Subtractive Versus Additive Manufacturing
Most dental professionals are familiar with the concept of milling. Start with a disk, a block, or some other form of stock material and a 3D electronic file (STL) that defines the contours of the part to be manufactured, then use CAM software and a mill to precisely cut away unnecessary material until all that is left is the desired part. This is subtractive manufacturing, a process that generates a fair amount of waste, but can be relatively quick, precise, and efficient.
3D printing is a process that starts with an empty platform or tray. CAM software slices the STL file of the part into layers of a fixed thickness. The printer produces each layer, usually from the bottom up, creating the part (Figure 1). 3D printing is considered an additive manufacturing process. The method by which each layer is produced and the material involved varies based on the printer technology involved. Printing is generally not as fast or accurate as milling, but does allow the user to create complex parts, including those with undercuts, with ease and minimal waste.
Additive manufacturing equipment comes in all shapes and sizes, from table-top systems capable of printing single parts or small multi-part projects to large floor-standing systems able to print hundreds of parts at a time. The parts are built on a platform typically called the build tray, which generally travels in a downward direction after each layer is printed. The build envelope is the horizontal length and width of the build tray, plus the maximum height the printer is capable of working within. Build time is the time that it takes to print a complete project. Build time is always influenced by the number of layers in the project, and depending on the printing technology, may also be affected by the number of parts being printed.
Printing resolution is usually defined for both the horizontal and the vertical directions. The horizontal resolution determines a printer’s ability to accurately reproduce a shape or contour in the horizontal (x and y) direction and may be determined by a laser width or a material nozzle diameter. Vertical resolution is the smallest distance the build tray moves after each layer is printed, determining a printer’s ability to accurately reproduce a shape or contour in the vertical (z) direction.
For dental professionals, both horizontal and vertical resolutions are critical factors in build quality. The dark blue rectangles in the top of Figure 2 represent each printed layer. Note the areas indicated by the red arrows—these are where the printed layers do not closely match the contour of the desired part because of a large layer thickness. In the bottom of Figure 2, the light blue rectangles represent what happens when the layer resolution is improved by a factor of two. Think of the vertical steps being 50 microns instead of 100 microns. The areas indicated by the green arrows show a better contour fit than the same areas above. Further increasing the print resolution, or reducing layer thickness, continues to improve the contour matching. Be sure to keep in mind, though, that each layer takes a finite period of time to print. The more layers to print, the longer the print job will take. Typically printers are preset to operate at a single vertical layer resolution, however some will offer a thicker layer (higher speed) and thinner layer (high quality) settings.

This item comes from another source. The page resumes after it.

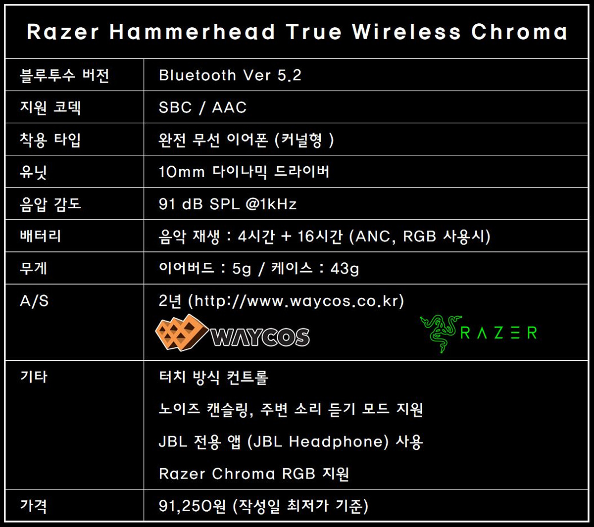 레이저의 다른 제품들과 마찬가지로 TWS 블루투스 이어폰은 Hammerhead(귀상어)라는 별도의 이름을 가지고 있으며 현재는 3개의 제품이 주를 이루고 있습니다. 제가 소개하는 제품은 Hammerhead Chroma로 레이저를 좋아하는 분들이라면 Chroma라는 이름만으로도 바로 RGB를 떠올릴 거라 생각합니다. TWS에서 RGB LED가 필요해?라고 생각할 수 있지만 레이저라면 이야기는 전혀 달라지죠. RGB에 진심인 레이저라면 충분히 인정입니다.

Remember, 3D printing is a layer-by-layer additive process. Each successive layer is laid out upon the layer beneath it. This works well until there is an undercut contour. How can a printer produce a layer on top of an area that has no structure or base below it? The answer is “support material.” In some printers, it may be a special type of resin, plastic, or wax. In others, it may be unbound (sintered or melted) build material. Its sole purpose it to provide a base to support the next layer above the undercut region. The light blue material in Figure 6 shows how support material is used in undercut areas.
Stereolithography (SLA) is a method of 3D printing that employs an ultraviolet (UV) laser to cure or harden photopolymer resin. The liquid resin is held within a reservoir (Figure 3) and the laser traces the pattern of each part, instantly hardening the material. Undercut areas are supported by the uncured resin.
Digital Light Processing (DLP) is very similar to SLA printing. However, rather than using a laser to trace each part individually, a UV light is projected for all parts simultaneously across the entire reservoir, dramatically speeding up printing time.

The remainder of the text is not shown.